Visualize results of CCA plot CC1 versus CC2 and look at a violin plot.

p1 <- DimPlot(object=scData.CCA, reduction.use="cca", group.by="Plate",
              pt.size=0.5, do.return=TRUE)
p1
p2 <- VlnPlot(object=scData.CCA, features.plot="CC1", group.by="Plate",
              do.return=TRUE)
p2

MetageneBicorPlot examines a measure of correlation strength for each CC and find that this statistic generally saturates after a reasonable number of CCs.

p3 <- MetageneBicorPlot(scData.CCA, grouping.var="Plate", dims.eval=1:30,
                        display.progress=FALSE)

scData.CCA <- AlignSubspace(scData.CCA, reduction.type="cca",
                            grouping.var="Plate", dims.align=1:param$cc,
                            do.par=TRUE, num.cores=param$cores)

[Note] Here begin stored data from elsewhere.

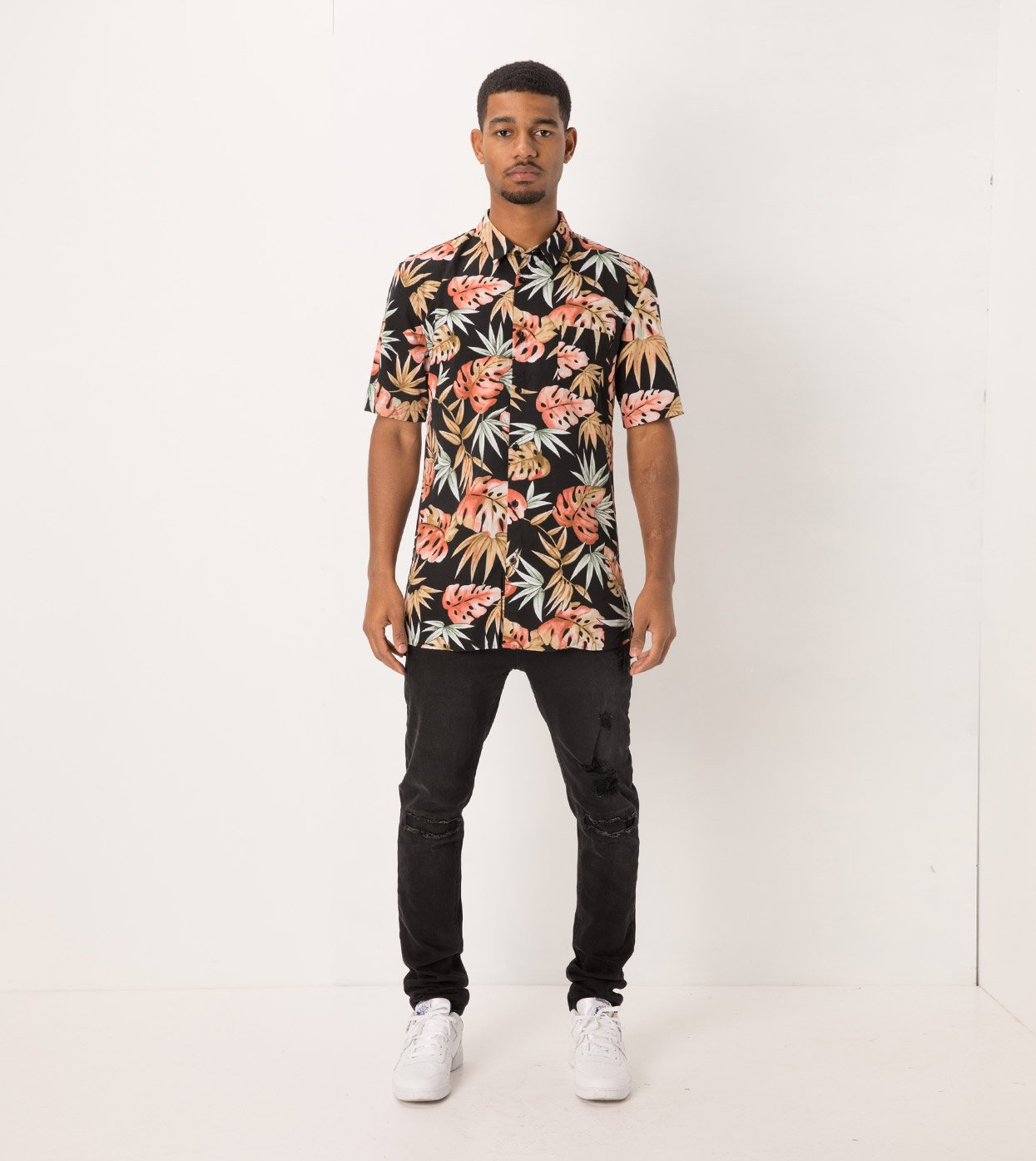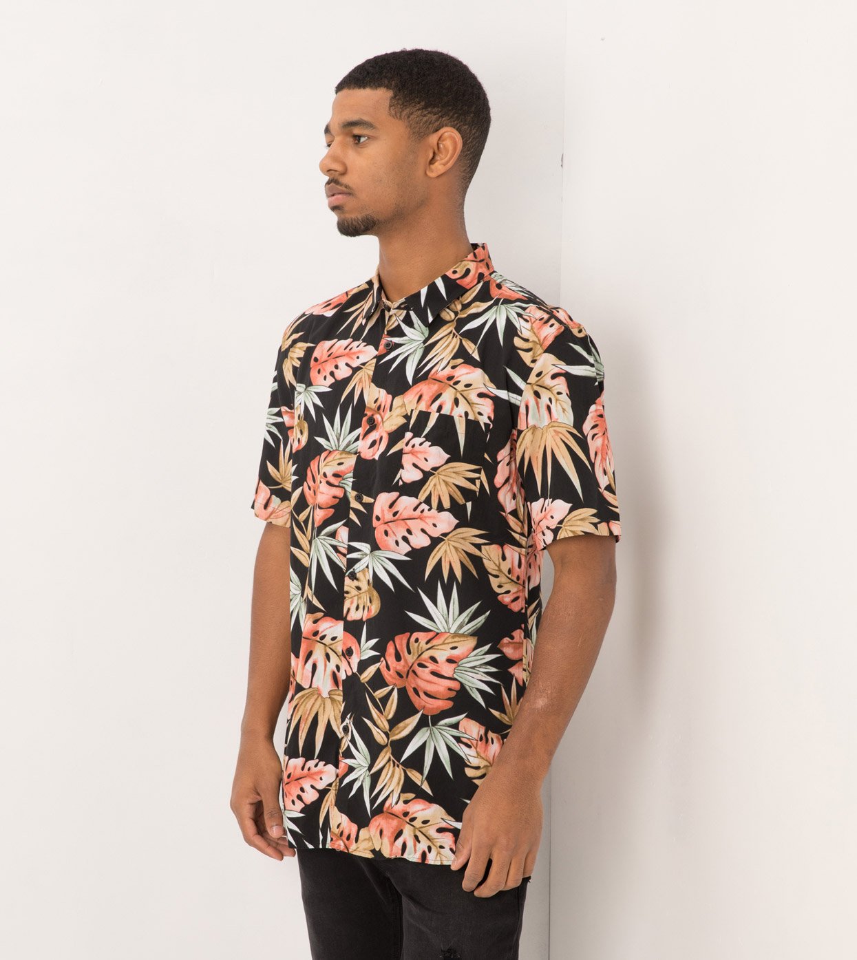 The ZANEROBE Forage SS Shirt in Washed Black - yardage print, standard shirt collar, chest pocket, boxy fit, stepped hem and side split details. Wear with our classic Joe Blow Jeans.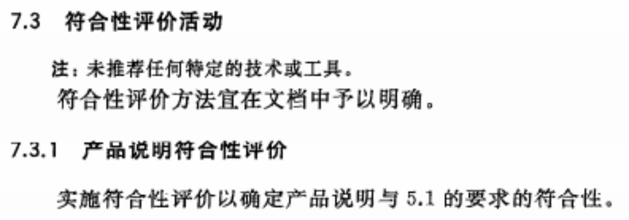 7.3.1 对产品说明符合性评价要求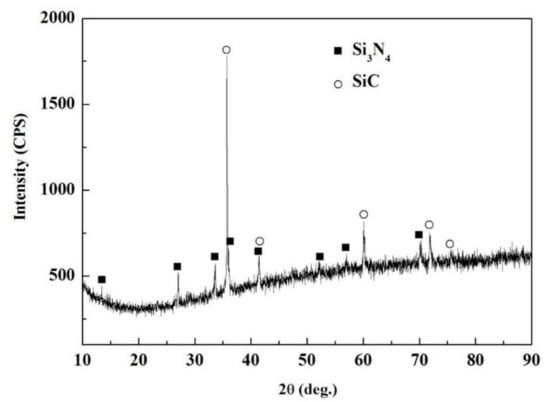 Figure 7 shows the appearance characteristics of the carbon-coated porous BN/Si3N4 ceramic joints by carbon coating bonded with the SiCo38 alloy at 1340 °C for 10 min. Figure 7a,c shows that the joint is connected well, and no obvious holes or cracks are observed at the interface. The other one remarkable phenomena of the joint is the appearance of nanowires in the pores at the interface. The nanowires possess a ball at the ends (as shown in Figure 7b). In order to determine the reaction product in the joint, XRD and EDS experiments were undertaken and the test results are given in Figure 8 and Table 2. The XRD results in Figure 8 show peaks at 2θ = 36°, 41°, 60°, and 72° resulting from silicon carbide. This demonstrates that a reaction product is formed in the joint.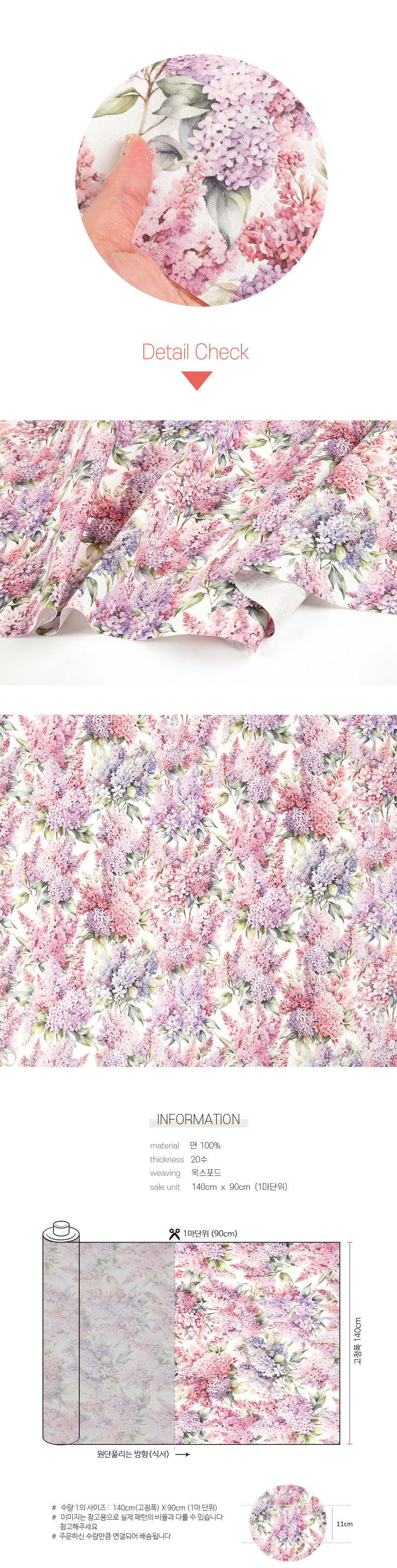 사이즈 : 140cm(고정폭) X 90cm(1마)

We can visualize the aligned CCA and perform an integrated analysis.

p1 <- VlnPlot(object=scData.CCA, features.plot = "ACC1",
              group.by="Plate", do.return=TRUE)
p1
p2 <- VlnPlot(object=scData.CCA, features.plot="ACC2", group.by="Plate", 
              do.return=TRUE)
p2

scData.CCA <- RunTSNE(object=scData.CCA, reduction.use="cca.aligned",
                      dims.use=1:param$cc, tsne.method="Rtsne",
                      perplexity=ifelse(length(scData.CCA@ident) > 200, 30, 10),
                      num_threads=param$cores)
scData.CCA <- FindClusters(object=scData.CCA, reduction.type="cca.aligned",
                           dims.use=1:param$cc, save.SNN=TRUE,
                           force.recalc=FALSE, print.output=FALSE,
                           resolution=param$resolutionCCA)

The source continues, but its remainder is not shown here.